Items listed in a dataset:
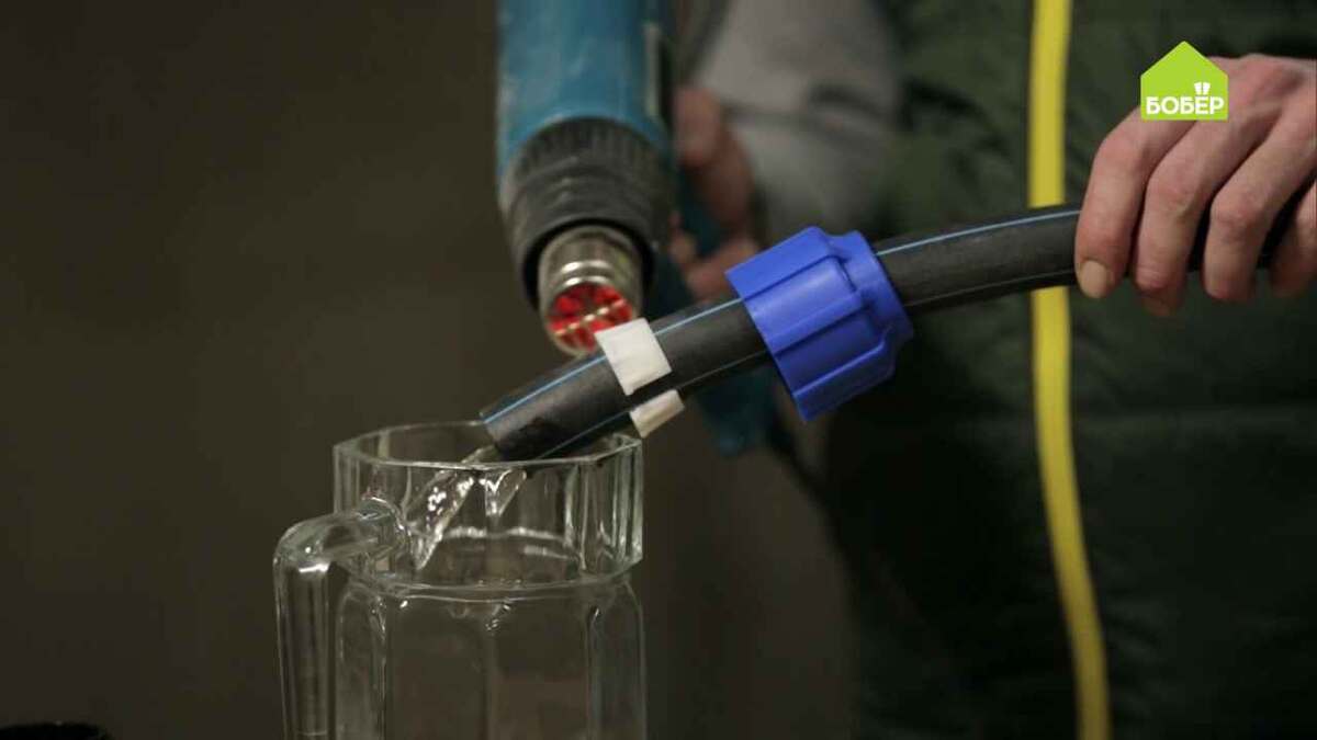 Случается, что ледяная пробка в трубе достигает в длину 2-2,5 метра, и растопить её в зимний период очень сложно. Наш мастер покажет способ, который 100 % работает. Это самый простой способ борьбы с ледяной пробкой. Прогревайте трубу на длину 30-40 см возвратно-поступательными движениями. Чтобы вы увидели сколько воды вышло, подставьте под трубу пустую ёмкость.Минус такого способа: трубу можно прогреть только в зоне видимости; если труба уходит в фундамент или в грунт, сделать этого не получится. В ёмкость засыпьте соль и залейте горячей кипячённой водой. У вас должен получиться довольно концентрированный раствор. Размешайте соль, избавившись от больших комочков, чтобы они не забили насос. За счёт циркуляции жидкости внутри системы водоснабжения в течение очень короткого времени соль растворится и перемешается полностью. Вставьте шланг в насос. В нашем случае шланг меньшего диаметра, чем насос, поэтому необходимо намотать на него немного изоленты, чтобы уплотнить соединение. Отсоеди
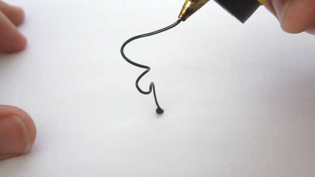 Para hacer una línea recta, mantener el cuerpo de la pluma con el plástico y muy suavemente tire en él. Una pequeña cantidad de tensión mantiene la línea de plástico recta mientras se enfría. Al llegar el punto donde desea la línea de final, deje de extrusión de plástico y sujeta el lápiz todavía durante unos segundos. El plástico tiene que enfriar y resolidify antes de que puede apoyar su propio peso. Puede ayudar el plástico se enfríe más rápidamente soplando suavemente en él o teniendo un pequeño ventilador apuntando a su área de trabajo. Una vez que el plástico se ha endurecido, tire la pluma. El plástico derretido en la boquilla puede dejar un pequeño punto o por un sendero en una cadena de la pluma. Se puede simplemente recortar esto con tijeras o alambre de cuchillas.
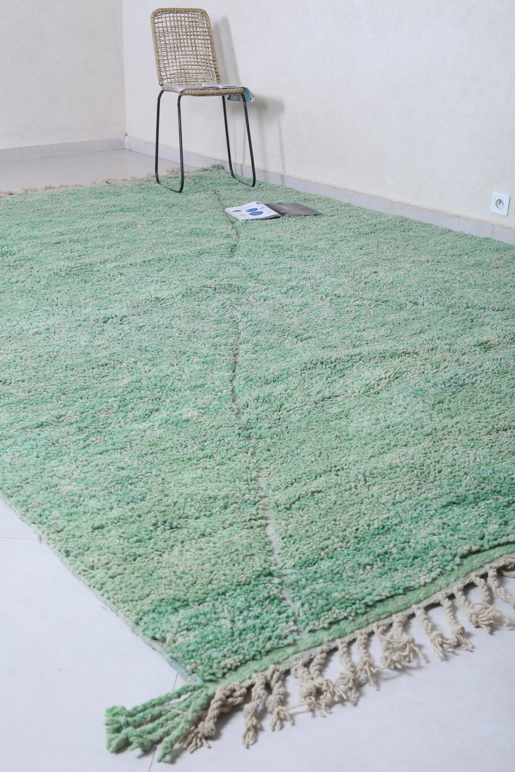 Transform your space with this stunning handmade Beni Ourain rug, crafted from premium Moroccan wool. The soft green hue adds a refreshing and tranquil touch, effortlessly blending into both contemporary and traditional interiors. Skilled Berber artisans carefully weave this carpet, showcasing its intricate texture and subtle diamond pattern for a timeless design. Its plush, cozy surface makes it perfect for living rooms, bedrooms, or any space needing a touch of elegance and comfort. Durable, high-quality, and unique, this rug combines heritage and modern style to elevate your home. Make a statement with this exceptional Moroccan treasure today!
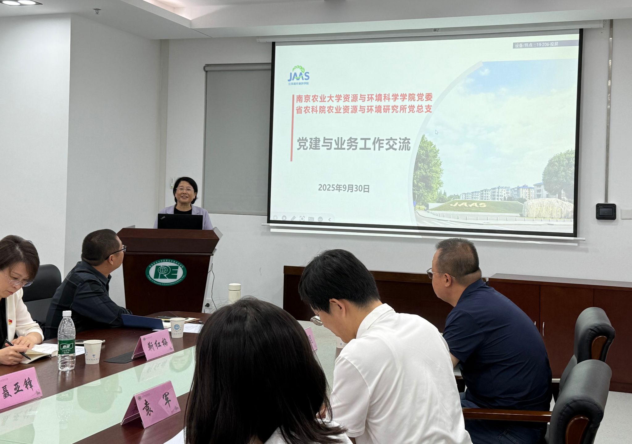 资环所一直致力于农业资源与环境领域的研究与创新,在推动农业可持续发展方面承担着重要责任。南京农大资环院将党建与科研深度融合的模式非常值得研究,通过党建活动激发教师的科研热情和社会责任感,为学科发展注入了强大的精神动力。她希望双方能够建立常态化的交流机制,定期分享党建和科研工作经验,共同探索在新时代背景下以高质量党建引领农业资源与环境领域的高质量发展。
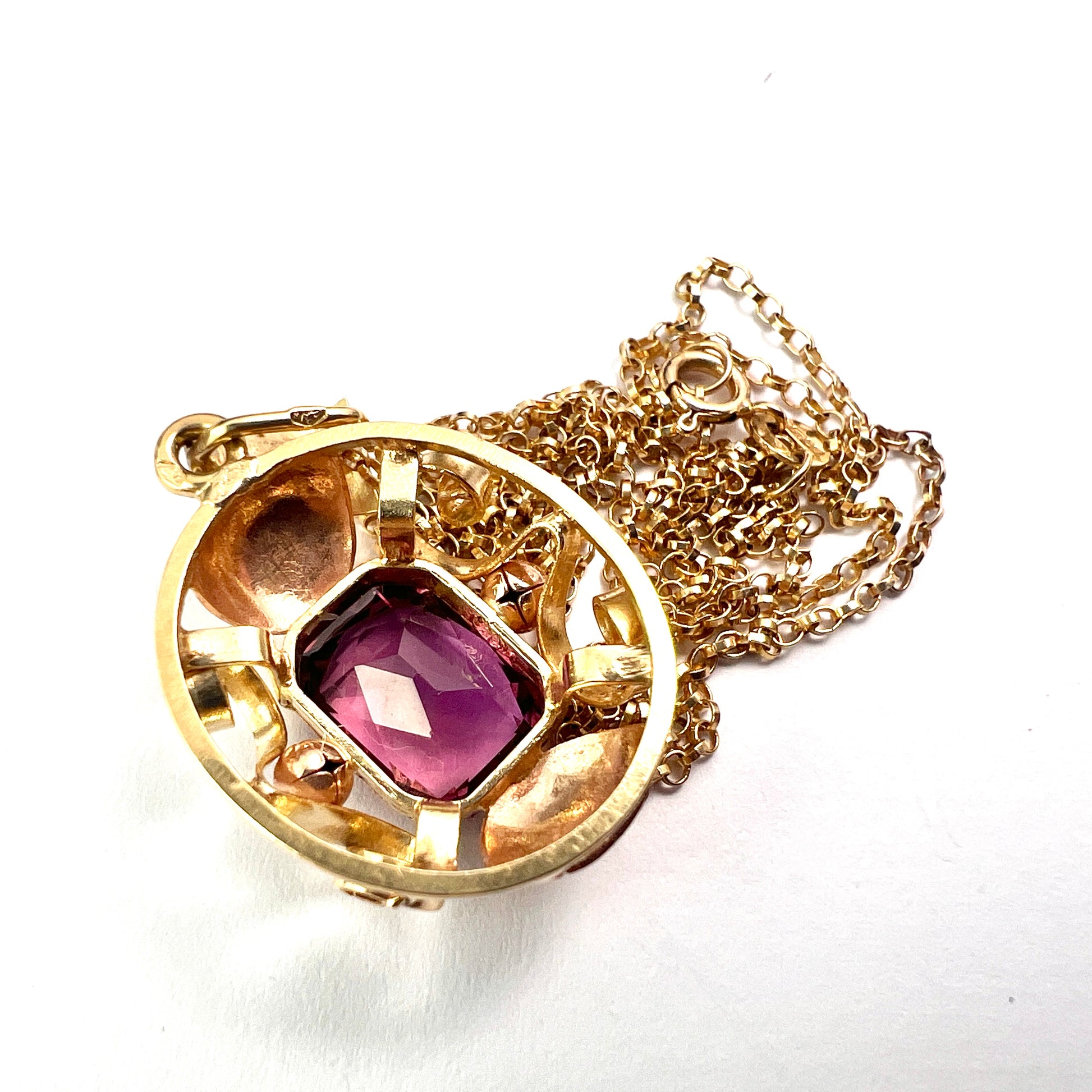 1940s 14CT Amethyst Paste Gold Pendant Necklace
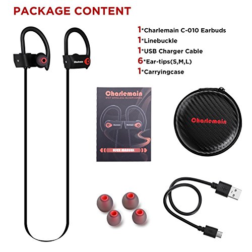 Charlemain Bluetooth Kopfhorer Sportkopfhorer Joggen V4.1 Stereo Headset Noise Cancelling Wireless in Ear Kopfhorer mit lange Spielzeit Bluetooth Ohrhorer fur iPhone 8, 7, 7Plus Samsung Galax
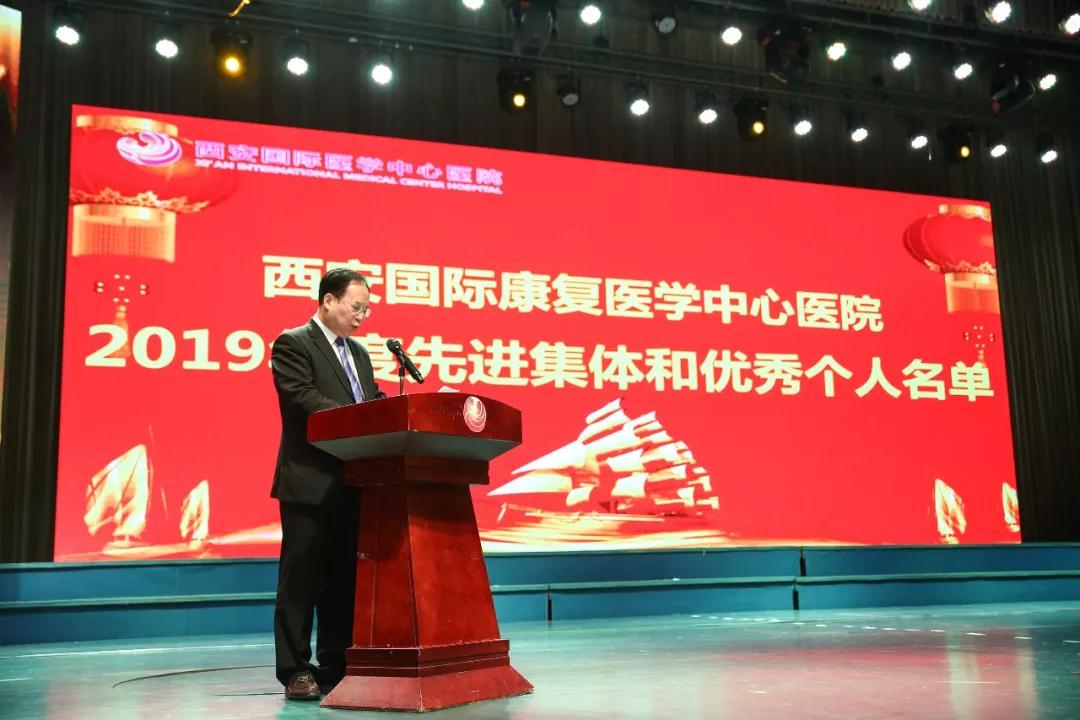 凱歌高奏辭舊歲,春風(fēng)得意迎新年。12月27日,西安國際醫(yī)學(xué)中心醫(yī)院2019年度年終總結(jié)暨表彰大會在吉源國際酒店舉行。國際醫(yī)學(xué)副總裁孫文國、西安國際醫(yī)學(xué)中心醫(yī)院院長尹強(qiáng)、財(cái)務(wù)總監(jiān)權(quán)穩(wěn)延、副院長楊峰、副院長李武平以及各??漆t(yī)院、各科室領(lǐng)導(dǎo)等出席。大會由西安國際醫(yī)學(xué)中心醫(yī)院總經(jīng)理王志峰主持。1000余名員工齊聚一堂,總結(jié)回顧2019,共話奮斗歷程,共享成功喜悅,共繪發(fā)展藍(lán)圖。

● WHAT YOU NEED TO DO: Exactly as written, reproduce the lines from the one containing "资环所一直致力于农业资源与环" through the last line of the entries above, and leave every picture out.

● RESPONSE TO THE EXERCISE:
 资环所一直致力于农业资源与环境领域的研究与创新,在推动农业可持续发展方面承担着重要责任。南京农大资环院将党建与科研深度融合的模式非常值得研究,通过党建活动激发教师的科研热情和社会责任感,为学科发展注入了强大的精神动力。她希望双方能够建立常态化的交流机制,定期分享党建和科研工作经验,共同探索在新时代背景下以高质量党建引领农业资源与环境领域的高质量发展。
 1940s 14CT Amethyst Paste Gold Pendant Necklace
 Charlemain Bluetooth Kopfhorer Sportkopfhorer Joggen V4.1 Stereo Headset Noise Cancelling Wireless in Ear Kopfhorer mit lange Spielzeit Bluetooth Ohrhorer fur iPhone 8, 7, 7Plus Samsung Galax
 凱歌高奏辭舊歲,春風(fēng)得意迎新年。12月27日,西安國際醫(yī)學(xué)中心醫(yī)院2019年度年終總結(jié)暨表彰大會在吉源國際酒店舉行。國際醫(yī)學(xué)副總裁孫文國、西安國際醫(yī)學(xué)中心醫(yī)院院長尹強(qiáng)、財(cái)務(wù)總監(jiān)權(quán)穩(wěn)延、副院長楊峰、副院長李武平以及各??漆t(yī)院、各科室領(lǐng)導(dǎo)等出席。大會由西安國際醫(yī)學(xué)中心醫(yī)院總經(jīng)理王志峰主持。1000余名員工齊聚一堂,總結(jié)回顧2019,共話奮斗歷程,共享成功喜悅,共繪發(fā)展藍(lán)圖。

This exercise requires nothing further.